У многоэтажного блока расцвечивали люминесценцией стены подъезда пара патрульных машин. Я ждала их. Капсула такси беззвучно втянула ремни безопасности, открыла двери. На табло управлении замерцал красный знак блокировки – полицейские знали своё дело. Я вышла, вступив на газон красными атласными туфлями на босу ногу, протянула подошедшему патрульному вещественные доказательства, сложенные в шарф. Позволила завернуть себе руки за спину – бумажные полотенца на груди лопнули и из выреза пальто показалась грудь в жабо туалетной бумаги. Какие незабываемые кадры, подумала я, когда дрон местного новостного телеканала облетел меня вокруг.

- В машину, мисс Паске, - вежливо, но непреклонно приказал патрульный.

Я не сопротивлялась. Села, запахнула полы пальто. Посмотрела на унылого детектива с планшетом.

- Знакомо? – развернул он девайс ко мне. На экране мужчина прижимал девушку в красном платье к сцене.

- Да, - продублировала я ответ кивком. Об «IDIS» - системе наблюдений я вспомнила на пол пути к дому. Просто вылетело из головы как привычное, даже не сразу вспомнила сколько в амфитеатре камер.

Пять. Патрульный показал момент убийства со всех них, быстро листая, словно снимки.

- Заявленное число жертв у вас «ноль», - сверился он с анкетой повторно и поджал губы.

За окном начался дождь, скатываясь каплями по бронированному пластику окон. Вновь подлетел неуёмный дрон телеканала, застыл с другой стороны окна, снимая панораму. Стенали родители, пытаясь прорваться через отцепление.
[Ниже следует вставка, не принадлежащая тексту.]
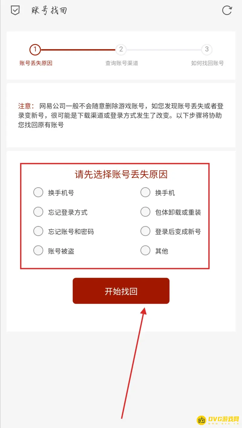 2、最后,选择账号丢失的理由,选择完毕后点下面的开始找回就可以了,如图所示

О чём-то шептались соседи.

- Да, - вновь кивнула я.

Об этом я тоже думала, пока летела домой.

Неделю назад я заполнила анкету с какой-то глупой гордостью вписав туда цифру ноль. Мама прослезилась от умиления, папа по-взрослому пожал руку. Это было семейной традицией – не марать рук.

Кажется, про таких как я говорят: «в семье не без урода». Ничего, не долго осталось.

Полицейский оторвал взгляд от планшета и посмотрел мне в лицо:

- Сочувствую. Вы сожалеете?

- О чём? О том, что убила?

- Нет, о том, что не вписали другое число в лицензию?

Я призадумалась. Жалею? Когда заполняла анкету не жалела. Мне всю жизнь твердили о ценности человеческой жизни даже в перенаселённых колониях Земли. Что убивать это грех, что программа сокращения населения путём строго контролируемого насилия – это удел глупцов. Я верила. Сейчас тоже, наверное, но меньше.

- Как вы думаете, из моей истории вынесут какую–нибудь правильную мораль? – подалась я вперёд.

Полицейский грустно улыбнулся:

- Если вы думаете, что ваш случай станет прецедентом что бы отменить закон «о Лицензии», то вряд ли. Вы, к сожалению, не первая, и не последняя. Скорее всего вашу историю вывернут, выставив вас жертвой, у которой была возможность защититься, но вы ей не воспользовались.

Я откинулась на сиденье:

- Тогда, поехали. Меня ждёт помпезный вход в утилизатор. Посмотрите на меня напоследок? Я пошлю вам пламенный воздушный поцелуй.